Totally agree. And on nearly all projects I’ve been involved in I’ve worked with the client to help determine the appropriate level of quality. But in this post I’m merely arguing that developers should ultimately have a baseline quality that they require based on context. Reducing quality to the point that public safety or your own reputation is at risk shouldn’t be on the table, regardless of the timeline or the size of the paycheck.
Authors judge quality, clients judge compliance to requirements. Easy.
Quality or Reliability are things that clients will either have or find out later they don’t have it (to paraphrase someone much smarter than I). It’s cheaper to pay for quality earlier in the process than later, but as other commenters have stated, it depends. Technical debt at the expense of deadlines is sometimes the right call to meet a tough deadline. But it should be measured and payed back as soon as possible. It’s hard to build equity when you’re slowing eroding the foundation of your house.
I did some support work for an established project not long ago. The original developer had left the company and there were additional features that needed to be added to the project. As I looked through the repo I immediately knew that I was looking at high quality code because it had conceptual clarity. Modules, variables, and functions were well-named and performed discreet roles. State was well represented, finite, and encapsulated to prevent unwanted side-effects. Flow control made sense, and read like a series of well articulated instructions.
Code is a symbolic representation of human thought processes within a context of specific rules (the language, platform, libraries, and problem domain). Conceptual clarity and mastery of those rules make for high quality code.
Woah, THE Nicholas Could read my blog?! Thanks for the comment man. I couldn’t agree more with your assessment. I believe there’s no logical need to ignore clarity in order to meet a timeline. The harder questions revolve around what constitutes appropriate architecture and sufficient test coverage in a given context.

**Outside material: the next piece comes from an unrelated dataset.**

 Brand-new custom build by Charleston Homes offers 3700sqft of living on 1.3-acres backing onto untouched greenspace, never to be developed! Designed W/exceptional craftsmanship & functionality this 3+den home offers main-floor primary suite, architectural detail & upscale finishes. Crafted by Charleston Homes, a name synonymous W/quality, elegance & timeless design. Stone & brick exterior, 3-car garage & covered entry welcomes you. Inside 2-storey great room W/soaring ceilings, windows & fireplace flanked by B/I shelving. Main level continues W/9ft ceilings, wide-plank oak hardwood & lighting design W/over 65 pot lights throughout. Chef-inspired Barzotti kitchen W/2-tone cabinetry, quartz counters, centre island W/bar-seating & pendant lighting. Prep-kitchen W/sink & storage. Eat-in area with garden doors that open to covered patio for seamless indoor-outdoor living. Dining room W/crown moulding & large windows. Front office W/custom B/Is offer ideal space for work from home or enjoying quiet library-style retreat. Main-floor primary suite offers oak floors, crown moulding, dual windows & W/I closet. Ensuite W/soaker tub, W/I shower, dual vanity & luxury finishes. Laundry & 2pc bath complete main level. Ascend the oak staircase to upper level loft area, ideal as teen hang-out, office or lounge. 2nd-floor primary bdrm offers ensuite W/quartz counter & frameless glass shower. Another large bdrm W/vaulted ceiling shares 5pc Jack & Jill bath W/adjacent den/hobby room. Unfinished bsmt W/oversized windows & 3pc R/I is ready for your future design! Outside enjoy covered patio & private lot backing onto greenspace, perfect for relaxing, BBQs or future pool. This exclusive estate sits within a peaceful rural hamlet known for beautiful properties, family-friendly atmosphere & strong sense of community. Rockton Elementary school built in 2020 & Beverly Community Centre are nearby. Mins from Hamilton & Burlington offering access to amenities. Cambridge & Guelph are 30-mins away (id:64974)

I don’t know who Nicholas *Could* is, but *I* like to keep up with the awesome things you have to say here. 🙂
I’ve only just found this post. It a hugely important topic. In my experience, all users are similar in most ways and highly similar to consumers in general.

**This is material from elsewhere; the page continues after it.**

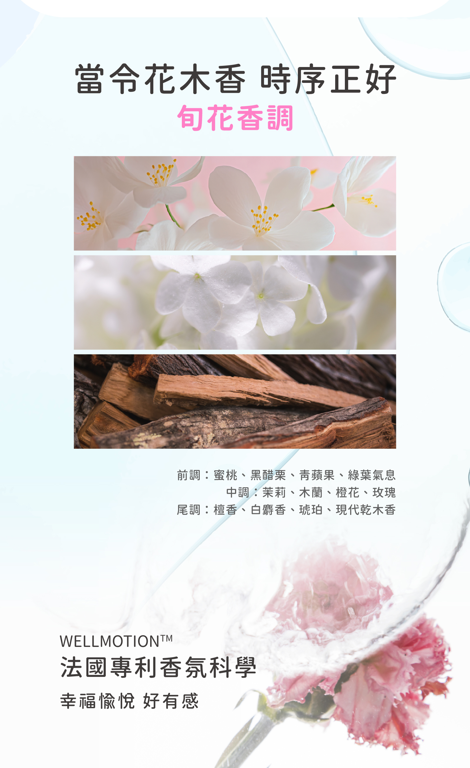 ● 旬花留香:淡雅旬花香氣,清新舒服、溫和不刺鼻。

Everybody wants high quality software at the best possible price and delivered as soon as possible. Trade-offs are an inconvenient truth that few people want to deal with.
Ideally an organization will have at least one product owner available to make the very tough choices involved with product delivery.
The importance of the presence of a high quality product owner is enormously underrated. In Scrum, there is much more written about the Scrum Master, but if the development team is strong, the team can work well without much involvement from the Scrum Master.
The product owner on the other hand, is faced with many tough decisions that could make or break the organization.
If the organization does not have a product owner available to make these decisions, then the best position for the development team to present to the client(s) is “We are flexible on absolutely everything to meet your needs, except for one thing. We won’t compromise on quality.”
Since everyone wants high quality, I have never seen a client argue against this.
Thanks for the comment Kevin! I’ve had to compromise on quality many times in my career. But the key to doing it well is to convey when you feel it makes sense and why. Sometimes I bring this up in conversation so that the business can choose whether to flex quality, but only when I feel I can still comfortably deliver something that won’t keep me up at night.